Pre-Marathon Day
Tomorrow is the marathon I’ve been training for through all of 2023: the Saint Louis GO! Marathon.
The training cycle was perfectly imperfect. I liken it to a work of art that has what appears to be a major flaw; ironically it is the flaw that renders it beautiful. The Sistine chapel draws attention because it’s bent. I realize that my own marathon is not comparable to the Sistine chapel. What I mean to say is that the flaws that initially appeared to be major detriments actually ended up helping the bigger picture.
The cycle began shortly after a collarbone break and ended with a face laceration that required stitches. Through the training plan, though, I somehow managed to complete every single run that was listed on my plan. I only missed a run the first week, when my collarbone was still in too much pain to jog. It almost seems ironic that my legs have never felt healthier and I’ve simultaneously never endured more random accidents.
Time showed that the setbacks helped spur motivation. I gained as much from the difficult moments as I did from the “good days.”
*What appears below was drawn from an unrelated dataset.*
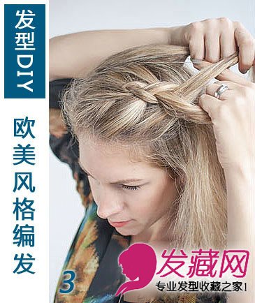 经过两三步编织之后,刘海全部被编入麻花辫造型中。
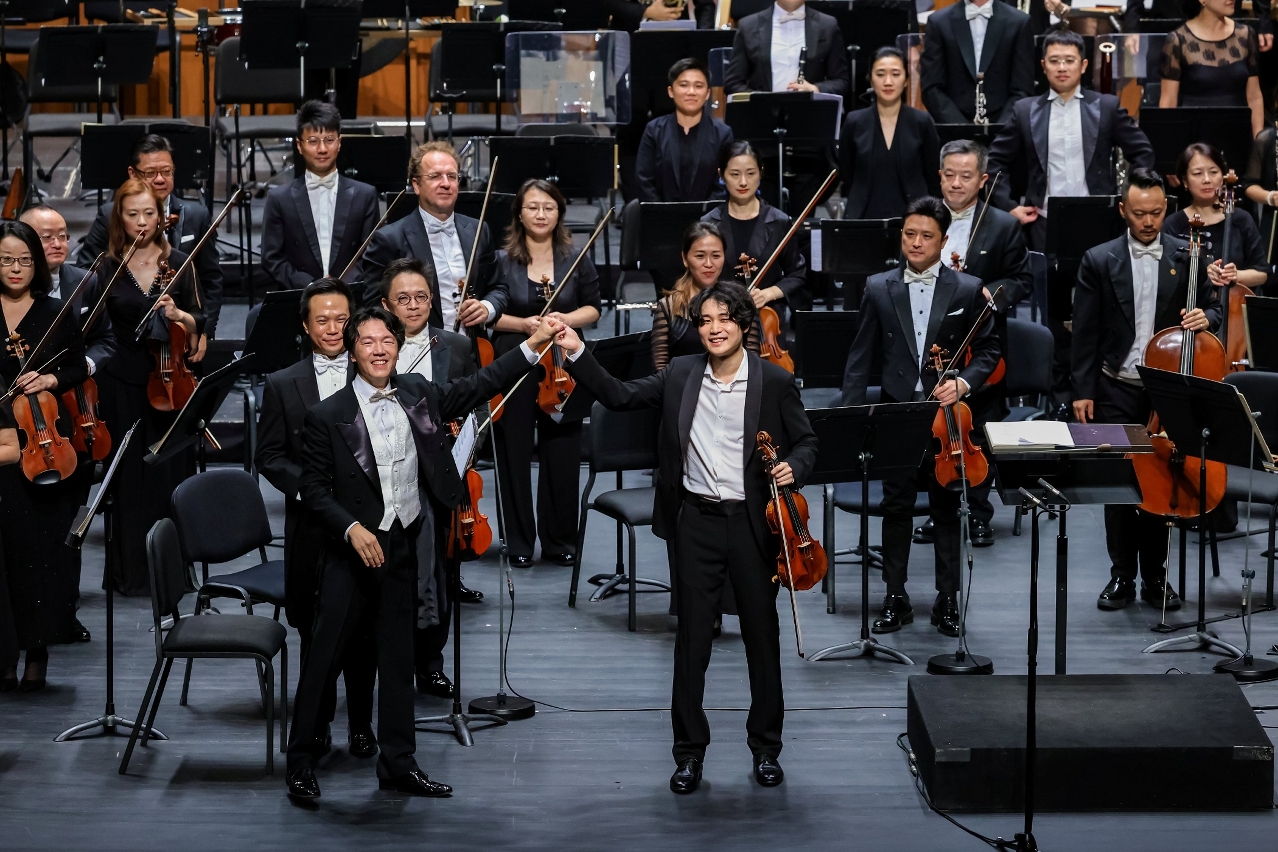 The Macao Orchestra 2025–26 Season Opening Concert “Inmo Yang and the Macao Orchestra” was held on 6 September at the Macao Cultural Centre Grand Auditorium. Under the baton of the Music Director and Principal Conductor of the Macao Orchestra Lio Kuokman, the acclaimed Korean violinist Inmo Yang was invited to perform Mendelssohn’s Violin Concerto, showcasing his exquisite virtuosity and kicking off the new Concert Season. The opening ceremony was attended by the President of the Cultural Affairs Bureau and President of Board of Directors of Macao Orchestra Company, Limited, Leong Wai Man; the Member of Board of Directors of Macao Orchestra Company, Limited, Jimson Hoi; the Deputy General Manager of Banking Center of Bank of China Macau Branch, Chao Weng Hou; the Executive Director of Macao Orchestra Company, Limited, Lo Sek Ieong; and the Music Director and Principal Conductor of the Macao Orchestra, Lio Kuokman.

On my last group run, which was one week before the marathon, I found myself running uphill through a neighborhood, completely alone. It was shortly after dawn and the sun’s glare was nearly blinding.
I focused my eyes for an instant on the sidewalk beneath me, which was often crooked, broken, and holed. I wanted to be sure that I didn’t roll an ankle. And in that instant I felt something stab me beneath my left eye. I knew immediately the stab wasn’t good.
A few seconds later I realized that I’d been stabbed by a low-hanging and jagged tree-branch. I knew it was bad, but was unsure how bad.
I completed the run, sat in the car, and removed my sunglasses. As I did so, a river of blood poured down my left eye. The stab cut me open just beneath the eye. I knew immediately that the cut would require stitches.
I drove to a nearby Total Access Urgent Care, where a nurse cleaned the wound with saline and stitched it up. The cut ran deep; I could tell that both from the saline’s burn and from my own reflection.
How on earth does one get stabbed by a hanging tree branch? I don’t know, but I guess there’s a first time for everything.
It’s important to remember that it could always be worse. I was told that if the tree branch managed to hit the eye, just half an inch higher, I’d likely have lost the eye entirely.
It almost seemed like a fitting closure that my first long run began immediately after healing a collarbone break that resulted from a fallen tree stump, and my last run ended immediately after getting stabbed in the face by a tree.
It seems tree branches and stumps are something to be conscious of going forward.
I’m fine, and this week’s runs felt as I wanted them to. Tomorrow is the marathon. I had my stitches removed this morning, just in time. My legs are fresh and the wound on my face is closed.
Tomorrow I’ll embark on a 26.2 mile run for the first time. To be honest, I’m not nervous: I think it’ll be a good experience.
If there’s one thing my life has prepared me for, it’s to embrace imperfection. I think it’s in an endurance athlete’s nature, or at least the nature of most endurance athletes, to want control over every variable. I learned a long time ago that this is impossible. We aren’t robots, though we want to install ourselves with perfect programming. Our minds are fallible and our bodies are asymmetrical. It’s only through the embrace of the imperfect that we can attain some semblance of peace of mind.
Though this training cycle began and ended with some rare injuries, I believe my run tomorrow will begin and end with a smile.